While it is a relatively simple mechanism to come up with a key pair when generating both keys at the same time, it is extremely difficult (in cryptographic terms, computationally infeasible) to derive one key from the other.

When generating a key pair, one of these keys is designated the public key, and the other is designated the private key. The public key can be made widely available, but the private key should be kept secret and not shared with anyone. As long as that is the case, then you can use this key pair to perform two different functions.

Function Description

Encryption (also called confidentiality)

If someone wants to send you a secret message and doesn’t want anyone else to be able to read it, they can encrypt it with your public key, and since you are the only one with the private key, only you can decrypt it.

Digital signatures

If you encrypt data with your private key, then it can only be decrypted with your public key. Since your public key can be made widely available, then this encryption doesn’t actually protect the content, but it does prove that the message came from you because only your private key could have generated it.


When generating a digital signature, you typically don’t encrypt the entire message, but rather a hash of the message such as using a digest algorithm like SHA-256. This can also provide integrity protection because if the decrypted signature matches the digest of the original message, then it guarantees that not only the message came from you, but that it hasn’t been altered since you signed it.

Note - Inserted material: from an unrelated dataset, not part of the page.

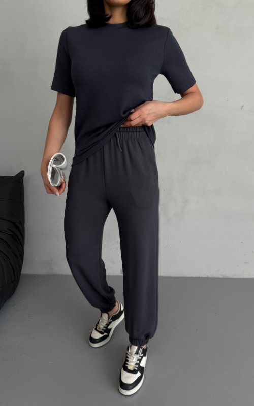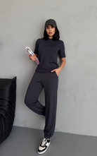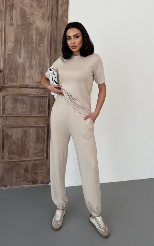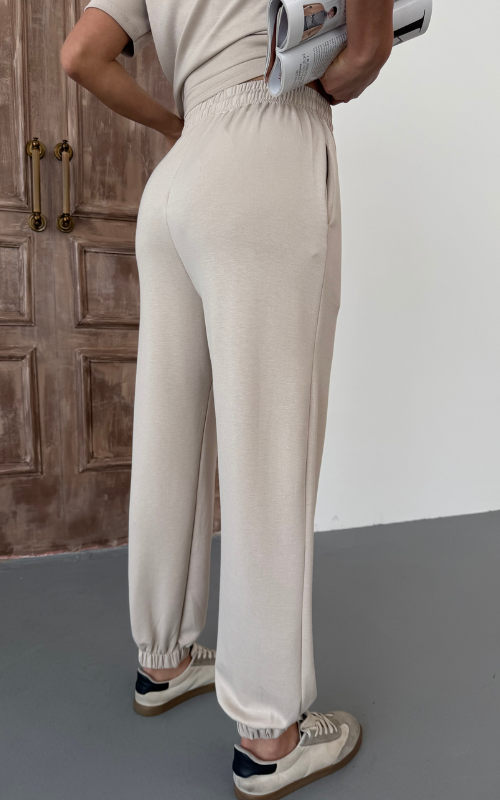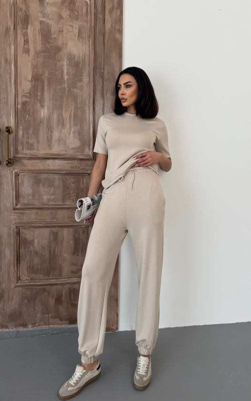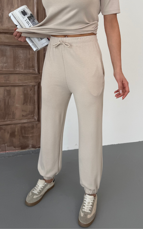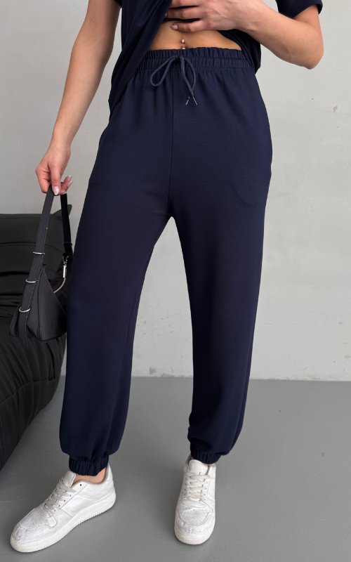 Our Young Pants offer a timeless tapered fit, featuring an elasticated waistband with a drawstring and a cinched ankle design, combining comfort and style effortlessly.

There are two primary public key algorithms that are used in certificates used for TLS communication: RSA and EC. RSA is based on multiplying really big prime numbers together, while EC is based on computations involving special types of elliptic curves.

RSA is more widely supported, but it’s slower and requires bigger keys to achieve the same level of security as EC. If you need to support legacy clients, then you probably need to use an RSA certificate, and you should choose a key size of at least 2048 bits. But if all of your clients support elliptic curve certificates, then EC might be the better choice, with a key size of at least 256 bits.